最近できた友人が、都内の家の庭でハチを飼っているというからおどろいた。
「サクッと飼えるよ。見にきなよ。」というから
いずれハチを飼いたいと思っていた私は、こりゃぜひ見に行かなならんと
すぐさま鼻息荒く見に行ってきた。
彼女はなんと以前私が住んでいた練馬区の下石神井の、これまた古い平屋に住んでいて、以前に知り合っていたら超ご近所物語だった。
それはいいけど、ひっそりとたたずむ平屋のこじんまりとした庭で、彼女は本当にサクッとハチを飼っていた。
茶をすすりながらふと横を向けば、窓からいつもハチが見える生活。
部屋のそこここにハチミツや巣やミツロウがある。
良い匂いにドキドキした。
私は初めて見るハチ飼いと巣箱、住人のハチ達の動きを目を皿にして観察し、一人でフンフン興奮していた。
そして彼女からハチの生態やその働きぶりを聞いたり、本を買って調べたりして、もうおどろくこと限りなかった。
ハチ、働くにもほどがあるよ?といった感。
いつも「ああ、ハチミツ高いなぁ。もっと安くならんかね。
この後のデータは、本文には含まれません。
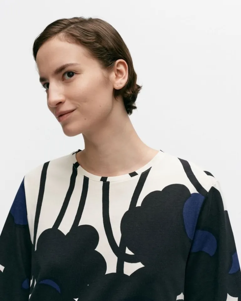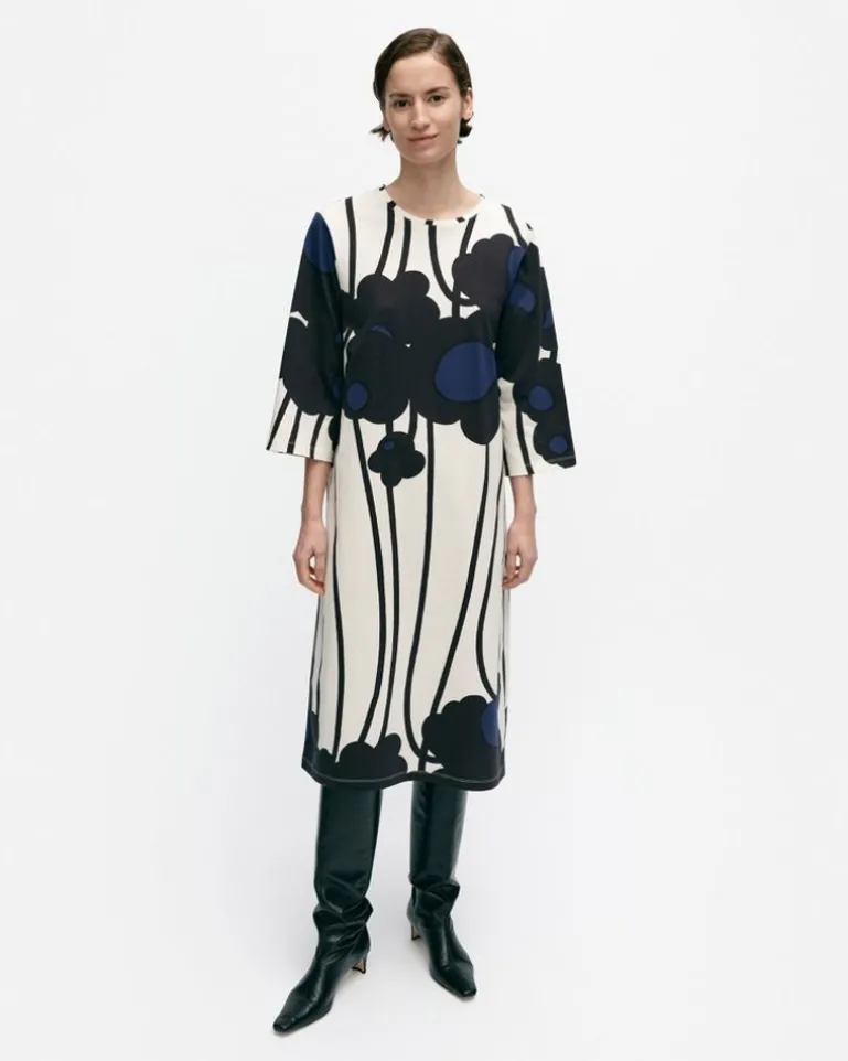 The Valla Cotton Jersey Dress Has A Relaxed, Straight Fit, And It Features The Lammet Pattern. The Dress Has An O-Neck With A Narrow Printed Rib And Loose Three-Quarter Sleeves.

」と思っていた自分をブッてやりたい。
私達が口にするスプーン一杯のハチミツは・・・、
1匹の働きバチが、来る日も来る日もせっせと集めたとして、なんと50日もかかるのだという。
それには少なくとも10万個を超す花を訪れなければならないのだそう!
ちょっと、それ時給にしたらどんだけ安いの・・・。
そしてそれに対してハチミツ、安すぎ。(すぐ金勘定する。)
掃除をする人、育児や女王の世話する人、巣作る人、蜜や花粉集める人。
皆、誰に言われるともなく自分のやるべき仕事を懸命にし、働いて働いて(働きバチは全員メス!)、40日ほど働きぬいたある日、ポトっと死ぬ。そして、その仲間の死骸を遠くに運ぶ人。
ミツバチ王国に女王は1匹しか存在してはならず、王座をめぐって繰り広げられる闘争。
女王は他のメスバチには卵を産ませない。
いずれやってくる政権交代。
天敵スズメバチに襲われる恐怖。
オスバチはなにをしているかというと、普段は働かずに、メスバチに蜜をねだったりしてどうしようもないが、女王と交尾をしたらあんたの役目は終わりとばかりに巣から追いやられてしまう。
・・・ハチ王国の羽の音、諸行無常の響きあり。
なんて格好つけて言ってみたところで、自分の自堕落さはごまかせない。
そう、ハチの働きぶりとシビアで無常な世界に比べたら、自分はなんてのんべんだらりと自堕落な日々を送っているのだろう。
子一人産むのだって、あれこれしてやっとなのだ。
ハチと同じ生物として完全にかなわない。
こんな自分にハチミツを食べる資格があるのだろうか。
これからはハチミツをいただく時は心して、感謝して涙して口に入れよう。と決めても、食べる時にはさっぱり忘れて胃の中だ。
これはもうハチを飼うしかないかも。
いや飼うなんておこがましい。
ハチ様に来て頂き、人生の指南を請おう。
そしてちょっとハチミツもわけていただこう。
ミツロウもとらせていただいて
そのミツロウでろうそくを作って・・・クリームなんかも作って・・・。
ああ、煩悩の海に今日も溺れてしまいそう。

ミツバチの巣箱。箱の中に10枚程の木枠が入っている。

私は刺されたくないので網戸越しに見せてもらう。
(彼女はもう刺されても平気らしい)
木枠の中にハチが巣を作っていた。

ハチミツは食べきれない程とれるそう。
左が春で右が秋にしぼったハチミツ。
季節の花によって蜜の種類が違うため、味も違う。

ミツロウ。(これで彼女はキャンドルも作っていた)

おみやげにもらった。めちゃウマ。